Given the non-normal and heteroscedastic behavior of ordinal data, a non-parametric Kruskall-Wallis test was applied to test the null hypothesis of homogeneity in the responses among different groups. The test was applied for assessing country differences in the response for each of the 23 individual adaptive measures, as well as for differences in each group of adaptive measures (fire fighting and infrastructure, public awareness and fuel management). Additionally, for each country, differences between the responses given for each group of adaptive measures were evaluated. Finally, the level of agreement or concordance between the country responses to the different measures within each of the three groups was evaluated by means of Kendall’s Tau coefficient of concordance ([2]). Significant values of concordance will point to a pattern of agreement between countries in the ordinal ranking of the measures within a given group.

Results 

The survey results indicated that forest experts considered fire fighting and infrastructure measures as more important than public awareness and fuel management, considering both pooled and separated countries (Tab. 2). However, there exist national differences in the relative importance of the general groups, with Portugal ranking fuel management measures higher than public awareness measures, and Spain and Greece showing no significant differences between these two groups of measures.

Tab. 2 - Kruskall-Wallis test for within-country differences in the ordinal median response between adaptive measures group within each country and all the countries pooled. Groups with the same letter in the same column indicate non-significant differences at an α= 0.05 level
Adaptation measures
group (pooled)
Croatia Cyprus Greece Italy Portugal Spain All
Fire fighting options 3.9 a 3.7 a 4.2 a 3.7 a 3.8 a 3.8 a 3.9 a
Public options 3.5 b 3.4 b 3.4 b 3.0 b 3.0 c 3.3 b 3.2 b
Fuel management options 2.8 c 2.6 c 3.3 b 2.7 c 3.2 b 3.2 b 3.0 c
Enlarge/Reduce Open in Viewer

A separate analysis of the differences between countries on the pooled response to each group of measures (Tab. 1, rows indicating “pooled”) show that firefighting and infrastructure options are ranked significantly higher in Greece than in the rest of the countries. Concerning fuel management options, relative importance is clearly separated among two national groups, with Greece, Portugal and Spain reaching higher values. Finally, significant differences in ranking response concerning public awareness measures are found between Croatia and Greece with respect to Italy and Portugal.

Considering each individual measure, overall, measures such as improvement of fire fighting coordination, increase of surveillance and warning systems and improvement of education and training of fire fighters were favored (Tab. 1). The improvement of fire fighting coordination was considered as the most important measure for Greece and very important for all other countries. The increase of surveillance and warning systems was rated as the most important option in Croatia and very important in all other countries. The improvement of education and training of fire fighters was rated as very important in all countries. The increase of water supply points was considered more important for Greece, Italy and Portugal. The increase of forest roads and paths was more important for Greece, Croatia and Portugal. Increased use of decision support systems was a very important option only for Greece and Spain. The increase of fire fighting forces was rated higher for Croatia, Cyprus and Greece.
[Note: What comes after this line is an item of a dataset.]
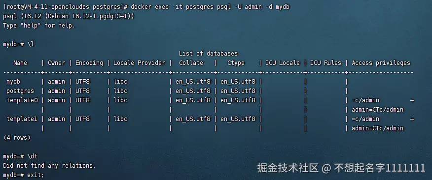 进入 psql 后,执行以下命令:

Pooled data from all countries showed that improvement of public education and awareness and improvement of patrolling and law enforcement were considered as very important. Adaptation options such as the reduction of urban sprawling into forests, reduction of human activities in the wildland-urban interface, restriction of human activities in forests and expansion of protected areas were rated as important. The reduction of urban sprawling into forests was considered more important in Spain. The reduction of human activities in the wildland-urban interface was considered less important in Italy and Portugal. The restriction of human activities in forests was considered less important in Spain and Italy. The expansion of protected areas was more important for Greece and Cyprus.

Overall, the reduction of surface fuel loads was perceived the most important among the fuel management options. The use of grazing for fuel management was perceived to be of less importance for Italy. The improvement of reforestation after fire was considered as a very important measure in Greece and Portugal and less important in Italy. The increase of fire breaks was a high priority for Greece, Portugal and Cyprus. The reduction of stand density and the increase of plant cover with species of reduced flammability were perceived as important options by experts from all countries. Prescribed burning was not highly favored, especially in Croatia and Italy. The removal of standing dead trees was considered most as an acceptable practice in Greece. The transformation of coppice to high forests was not considered as a very important measure. The conversion of uneven-aged to even-aged stands was a low preference option for all countries.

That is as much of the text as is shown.